**Material provided**.

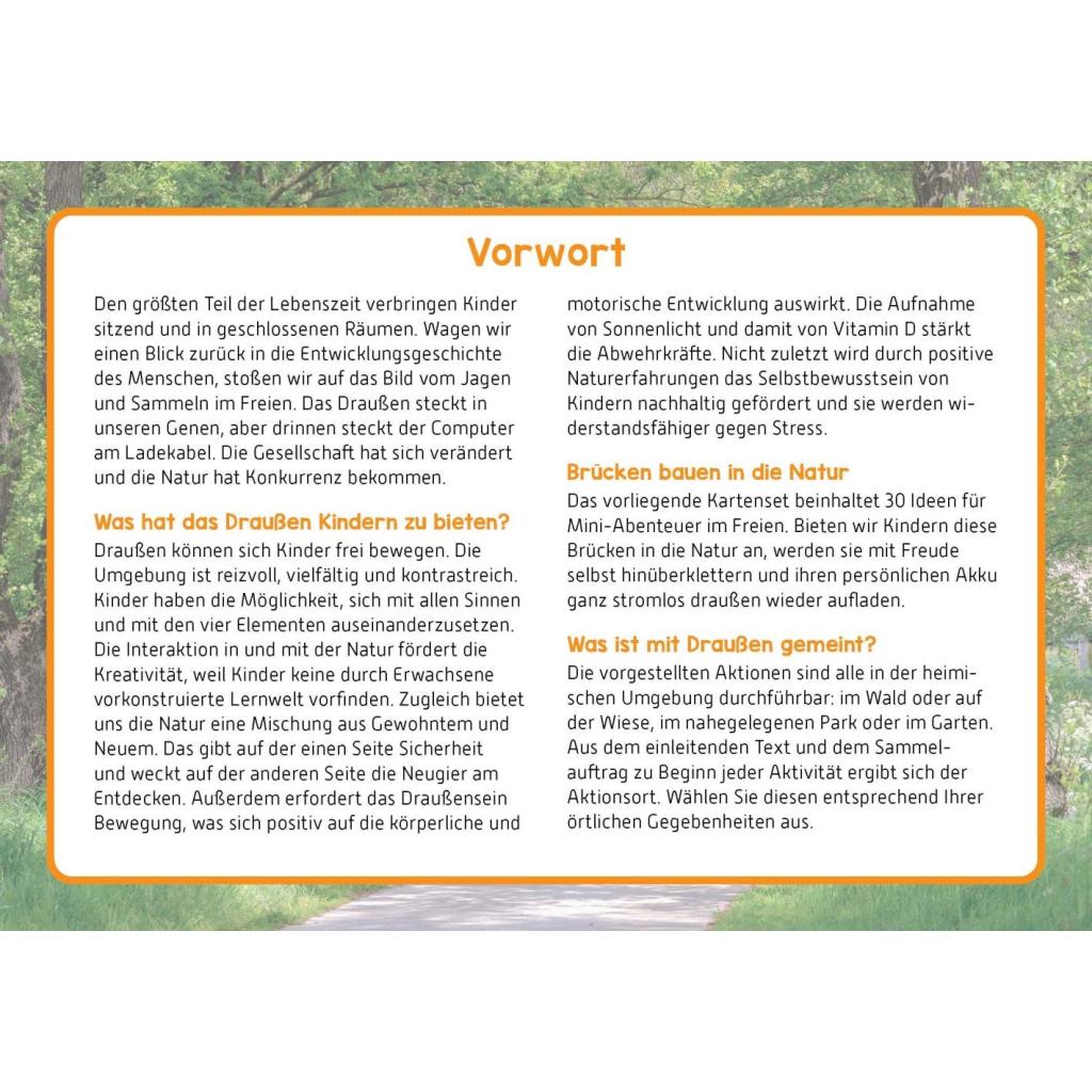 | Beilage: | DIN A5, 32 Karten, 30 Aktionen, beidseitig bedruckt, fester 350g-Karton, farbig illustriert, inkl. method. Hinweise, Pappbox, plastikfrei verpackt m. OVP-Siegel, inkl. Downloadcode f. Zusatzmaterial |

--

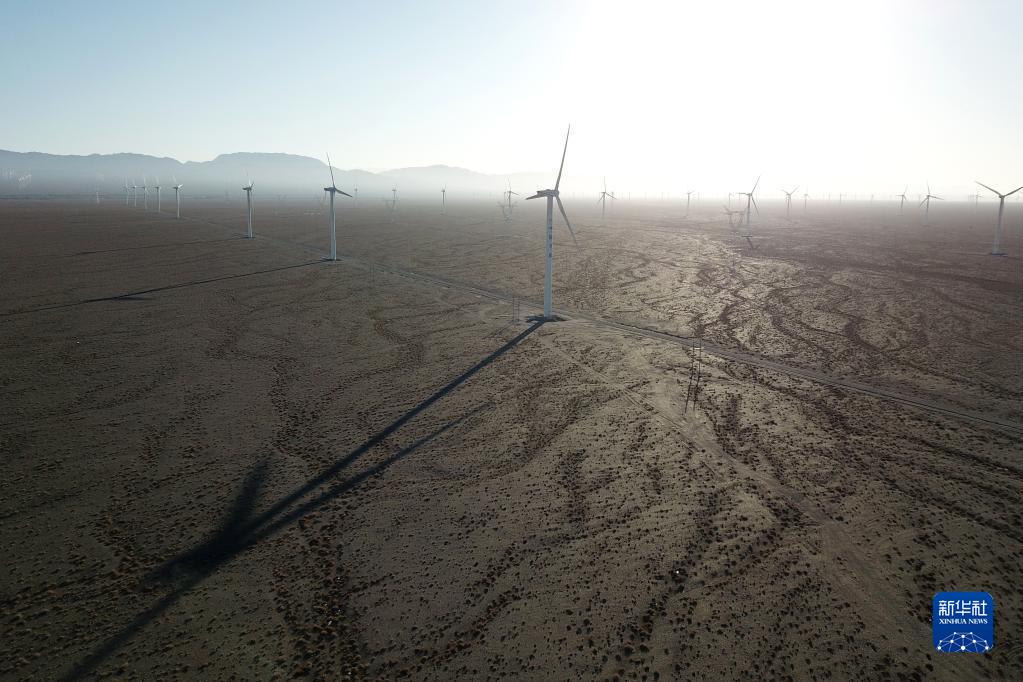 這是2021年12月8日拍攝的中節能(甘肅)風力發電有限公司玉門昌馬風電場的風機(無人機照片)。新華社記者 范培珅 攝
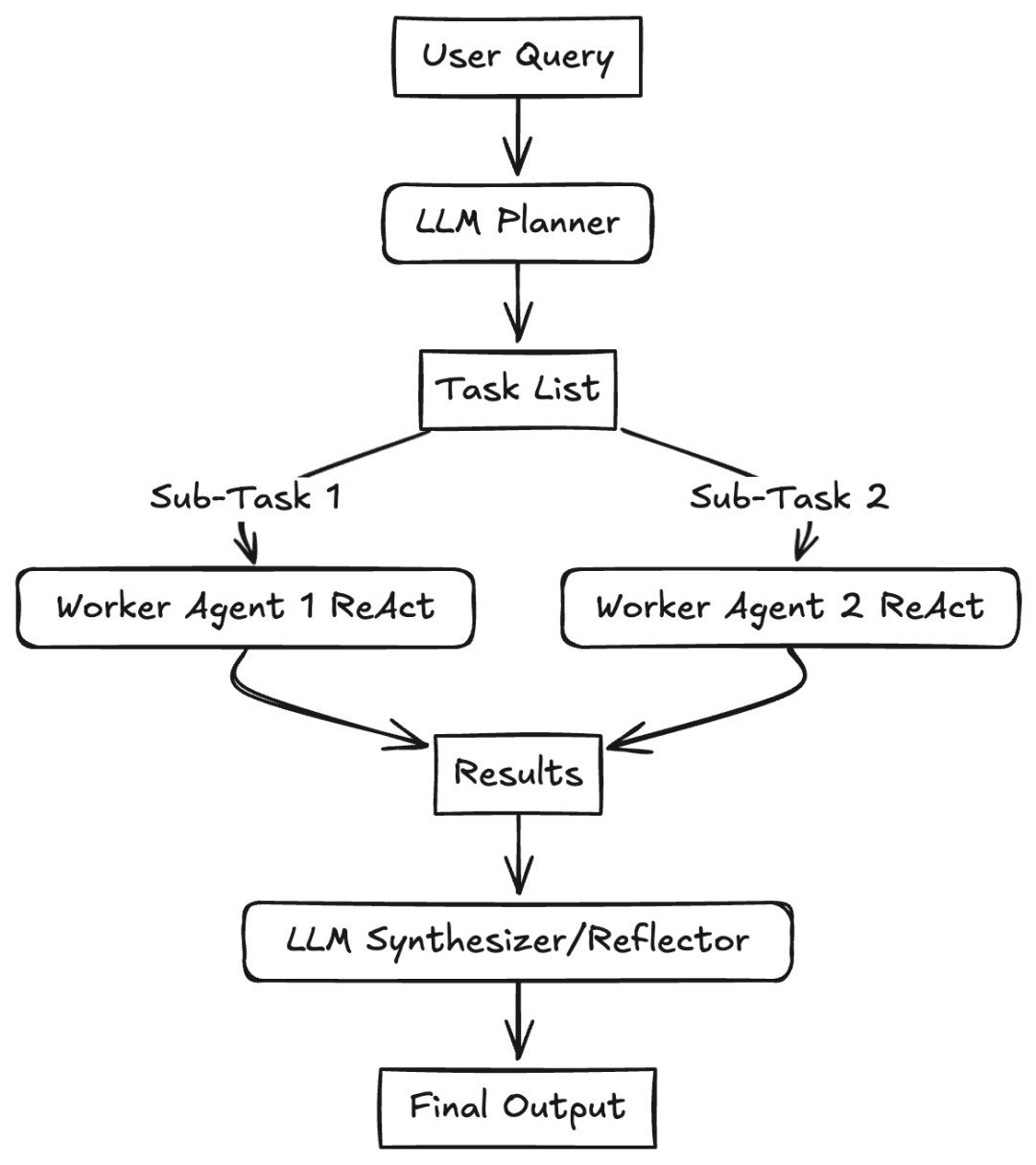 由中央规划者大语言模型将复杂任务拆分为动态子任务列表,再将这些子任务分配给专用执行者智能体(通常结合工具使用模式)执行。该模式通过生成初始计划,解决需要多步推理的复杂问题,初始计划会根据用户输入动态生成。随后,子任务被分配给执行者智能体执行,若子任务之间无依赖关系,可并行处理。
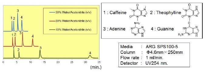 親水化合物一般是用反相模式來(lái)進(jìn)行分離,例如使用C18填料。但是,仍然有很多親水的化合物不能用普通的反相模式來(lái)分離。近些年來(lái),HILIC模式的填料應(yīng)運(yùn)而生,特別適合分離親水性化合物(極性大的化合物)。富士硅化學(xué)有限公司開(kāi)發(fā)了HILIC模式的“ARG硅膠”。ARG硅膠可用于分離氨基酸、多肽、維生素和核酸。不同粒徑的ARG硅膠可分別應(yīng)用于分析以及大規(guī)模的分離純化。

**What is being asked**. Reproduce the data above exactly, but only the lines from the one showing "這是2021年12月8日拍攝的中節能(甘肅)風力發電有限公司玉門昌馬風電場的風機(無人機照片)。新華社記者 范培珅 攝" through the one showing "親水化合物一般是用反相模式來", with both ends kept and the pictures left out.

**Written reply**.
 這是2021年12月8日拍攝的中節能(甘肅)風力發電有限公司玉門昌馬風電場的風機(無人機照片)。新華社記者 范培珅 攝
 由中央规划者大语言模型将复杂任务拆分为动态子任务列表,再将这些子任务分配给专用执行者智能体(通常结合工具使用模式)执行。该模式通过生成初始计划,解决需要多步推理的复杂问题,初始计划会根据用户输入动态生成。随后,子任务被分配给执行者智能体执行,若子任务之间无依赖关系,可并行处理。
 親水化合物一般是用反相模式來(lái)進(jìn)行分離,例如使用C18填料。但是,仍然有很多親水的化合物不能用普通的反相模式來(lái)分離。近些年來(lái),HILIC模式的填料應(yīng)運(yùn)而生,特別適合分離親水性化合物(極性大的化合物)。富士硅化學(xué)有限公司開(kāi)發(fā)了HILIC模式的“ARG硅膠”。ARG硅膠可用于分離氨基酸、多肽、維生素和核酸。不同粒徑的ARG硅膠可分別應(yīng)用于分析以及大規(guī)模的分離純化。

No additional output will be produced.